Top of INPUT

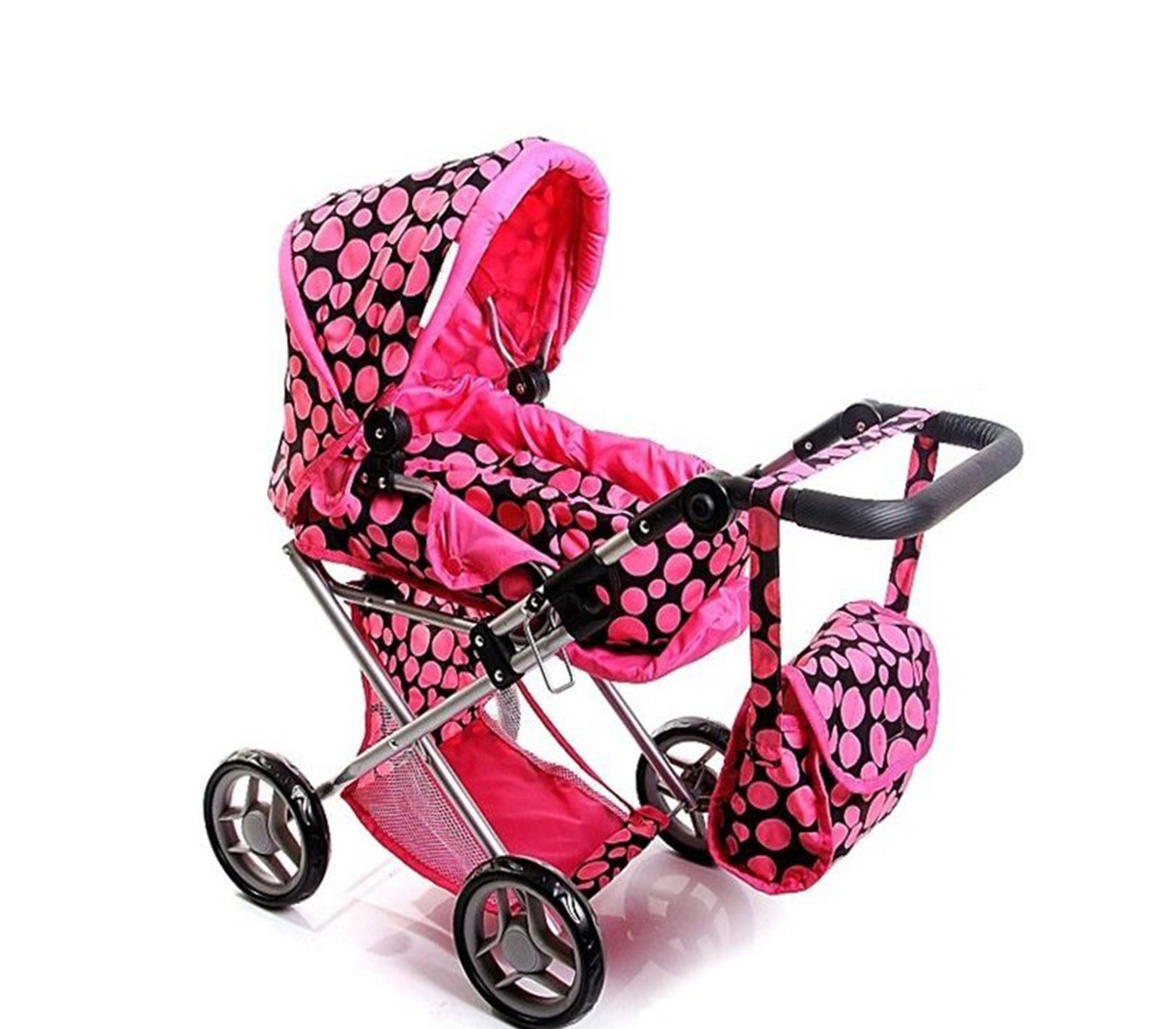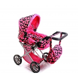 Kočárek je vyveden v pestrých barvách, doplněn hezkým vzorem, v takovém kočárku se panenky budou vozit jedna radost.
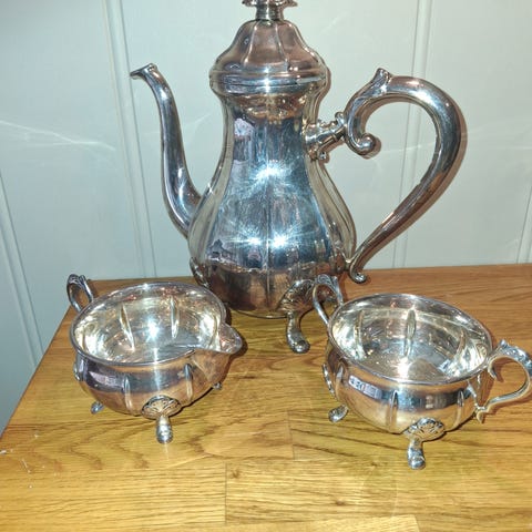 Vintage kaffekanne med fløtemugge og sukkerskål I sølvplett, selges samlet
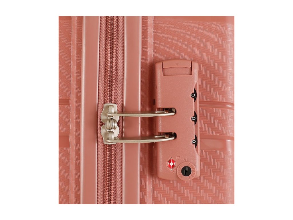 Kufr je uzavíratelný zipem, oba jezdce zipu se dají zapojit do TSA zapuštěného kódového zámku. Horní madlo je plastové. Má lehký teleskopický výsuvný systém, prostor na víku oddělený textilní přepážkou, vnitřní kapsu a jistící popruhy.
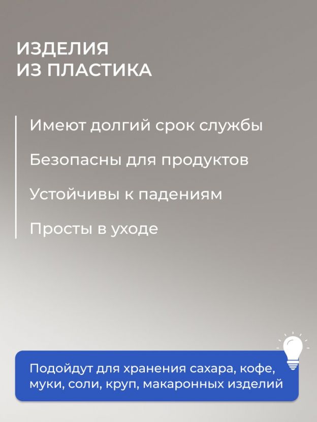 Предназначены для хранения различных сыпучих продуктов: сахара, кофе, муки, соли, круп, макаронных изделий, печенье и многого другого.
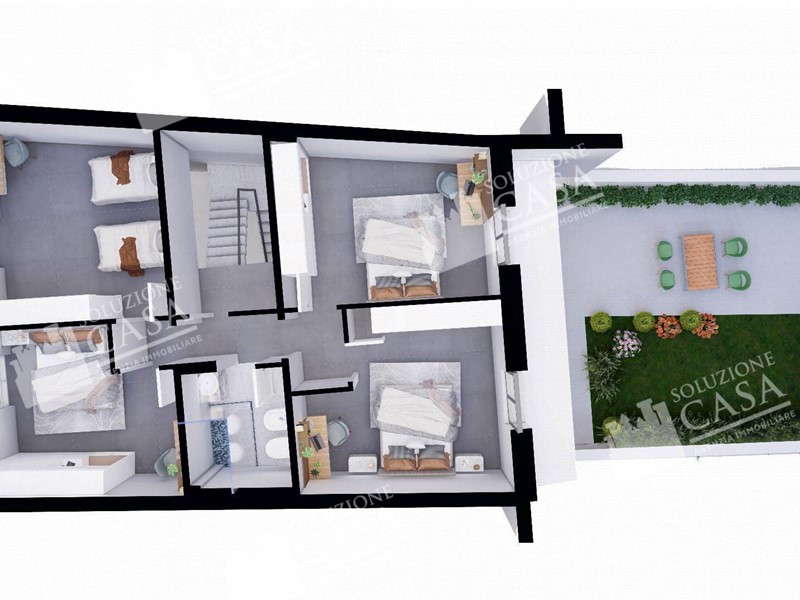 La zona notte è composta da: 8 camere da letto, distribuite su due piani, ognuna arredata, dotata di letti comodi e spaziosi armadi. Ogni piano dispone di un comodo bagno con doccia in modo da garantire il massimo comfort per gli abitanti della casa.
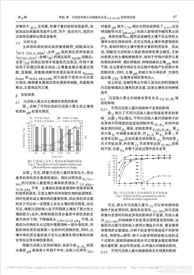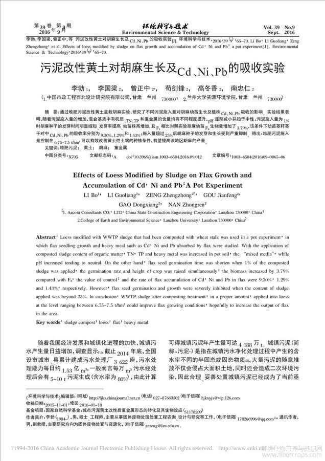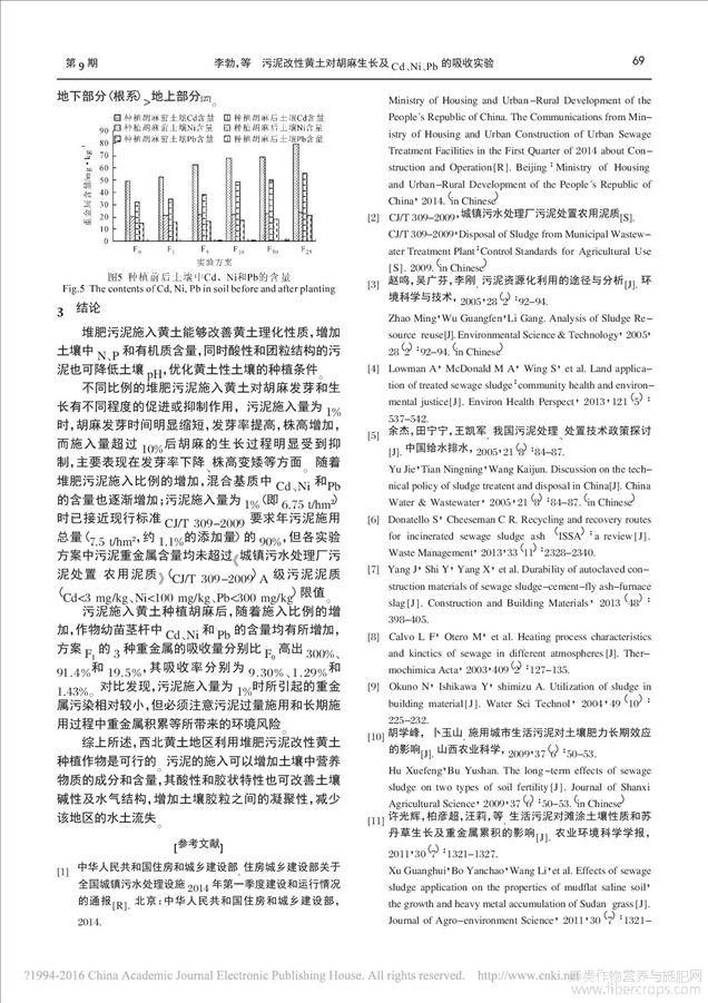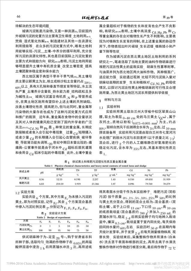 污泥改性黄土对胡麻生长及Cd_Ni_Pb的吸收实验

Bottom of INPUT

**TRY IT**
The line containing "Kufr je uzavíratelný" marks the end: copy exactly every line from the start of the records up to and including it, leaving out the pictures.

**TASK RESULT**
 Kočárek je vyveden v pestrých barvách, doplněn hezkým vzorem, v takovém kočárku se panenky budou vozit jedna radost.
 Vintage kaffekanne med fløtemugge og sukkerskål I sølvplett, selges samlet
 Kufr je uzavíratelný zipem, oba jezdce zipu se dají zapojit do TSA zapuštěného kódového zámku. Horní madlo je plastové. Má lehký teleskopický výsuvný systém, prostor na víku oddělený textilní přepážkou, vnitřní kapsu a jistící popruhy.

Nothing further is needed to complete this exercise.